* Work instructions
Data follows below. Repeat exactly the lines between the line holding "2. 1차 지급 대상" and the line holding "Designed with a", inclusive, and nothing more; drop pictures.

[[ Material to process open ]]

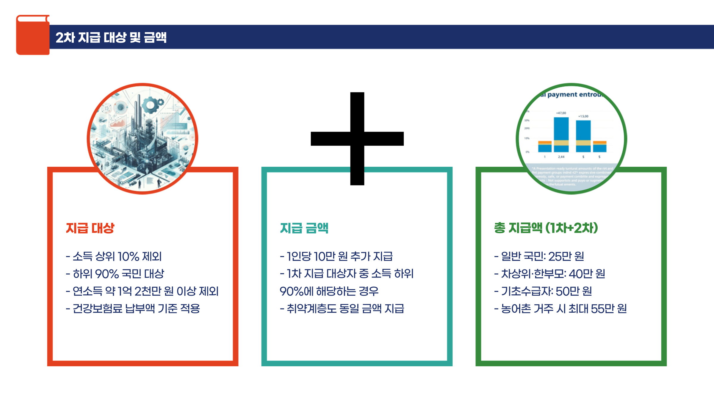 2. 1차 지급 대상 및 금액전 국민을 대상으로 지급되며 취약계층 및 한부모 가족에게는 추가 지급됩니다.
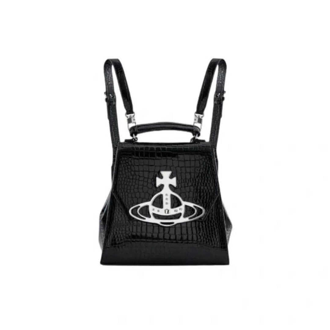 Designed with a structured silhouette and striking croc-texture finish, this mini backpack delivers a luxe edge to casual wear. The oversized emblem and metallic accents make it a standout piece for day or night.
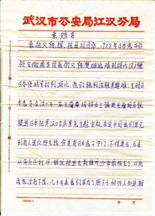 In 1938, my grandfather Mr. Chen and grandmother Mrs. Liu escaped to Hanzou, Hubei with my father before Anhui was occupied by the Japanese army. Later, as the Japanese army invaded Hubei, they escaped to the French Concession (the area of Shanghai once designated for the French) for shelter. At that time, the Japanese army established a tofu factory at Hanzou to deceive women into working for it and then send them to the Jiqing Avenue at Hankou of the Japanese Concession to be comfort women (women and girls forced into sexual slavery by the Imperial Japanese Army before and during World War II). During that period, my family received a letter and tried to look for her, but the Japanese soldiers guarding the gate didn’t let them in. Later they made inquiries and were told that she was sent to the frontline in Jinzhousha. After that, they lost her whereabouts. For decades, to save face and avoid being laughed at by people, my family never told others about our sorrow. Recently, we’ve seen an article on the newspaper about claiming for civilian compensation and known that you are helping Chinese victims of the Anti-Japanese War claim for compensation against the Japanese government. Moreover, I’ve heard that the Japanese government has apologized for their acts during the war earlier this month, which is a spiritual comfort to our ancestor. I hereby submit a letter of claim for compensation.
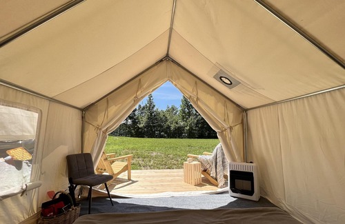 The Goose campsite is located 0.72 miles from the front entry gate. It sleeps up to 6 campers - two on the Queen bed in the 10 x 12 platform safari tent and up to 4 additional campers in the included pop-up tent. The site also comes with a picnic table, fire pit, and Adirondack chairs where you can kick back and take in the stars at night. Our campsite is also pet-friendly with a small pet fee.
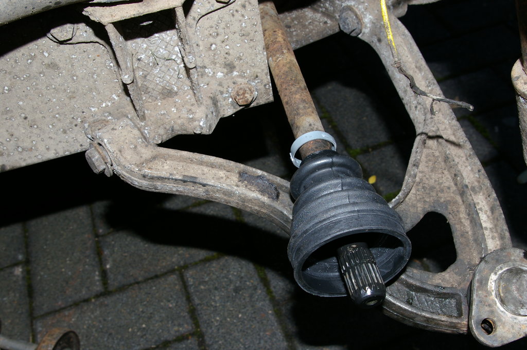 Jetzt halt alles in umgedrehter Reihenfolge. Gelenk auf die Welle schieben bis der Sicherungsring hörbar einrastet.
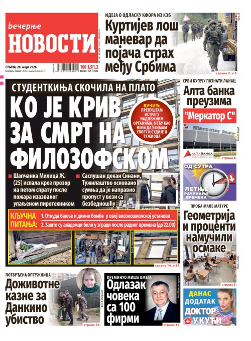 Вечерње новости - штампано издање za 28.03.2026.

[[ Material to process closed ]]
[[ Material to process open ]]

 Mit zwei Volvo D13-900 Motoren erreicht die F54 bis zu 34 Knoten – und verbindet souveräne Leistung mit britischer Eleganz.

[[ Material to process closed ]]
[[ Material to process open ]]

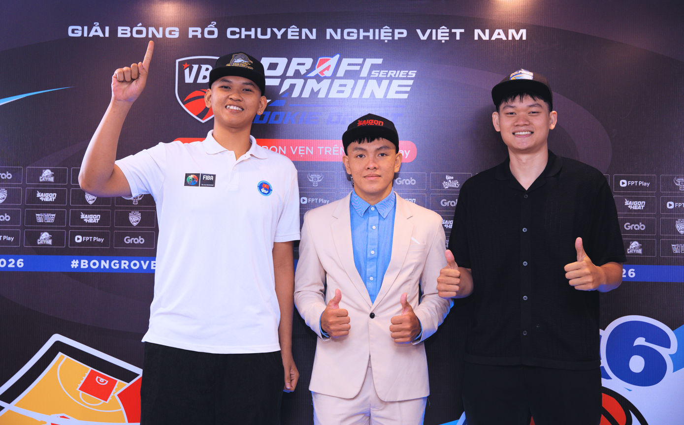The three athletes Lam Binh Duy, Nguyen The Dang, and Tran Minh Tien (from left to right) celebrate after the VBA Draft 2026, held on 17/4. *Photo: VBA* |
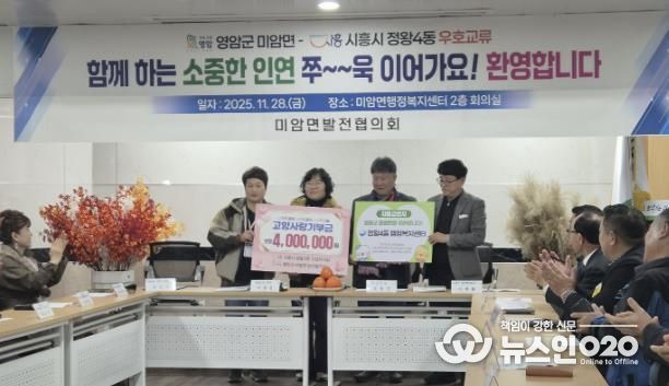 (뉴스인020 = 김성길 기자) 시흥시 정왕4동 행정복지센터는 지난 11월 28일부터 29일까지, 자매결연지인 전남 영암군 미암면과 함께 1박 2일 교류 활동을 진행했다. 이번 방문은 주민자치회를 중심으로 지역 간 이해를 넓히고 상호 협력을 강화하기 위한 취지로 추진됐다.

[[ Material to process closed ]]

* Result of the exercise
 2. 1차 지급 대상 및 금액전 국민을 대상으로 지급되며 취약계층 및 한부모 가족에게는 추가 지급됩니다.
 Designed with a structured silhouette and striking croc-texture finish, this mini backpack delivers a luxe edge to casual wear. The oversized emblem and metallic accents make it a standout piece for day or night.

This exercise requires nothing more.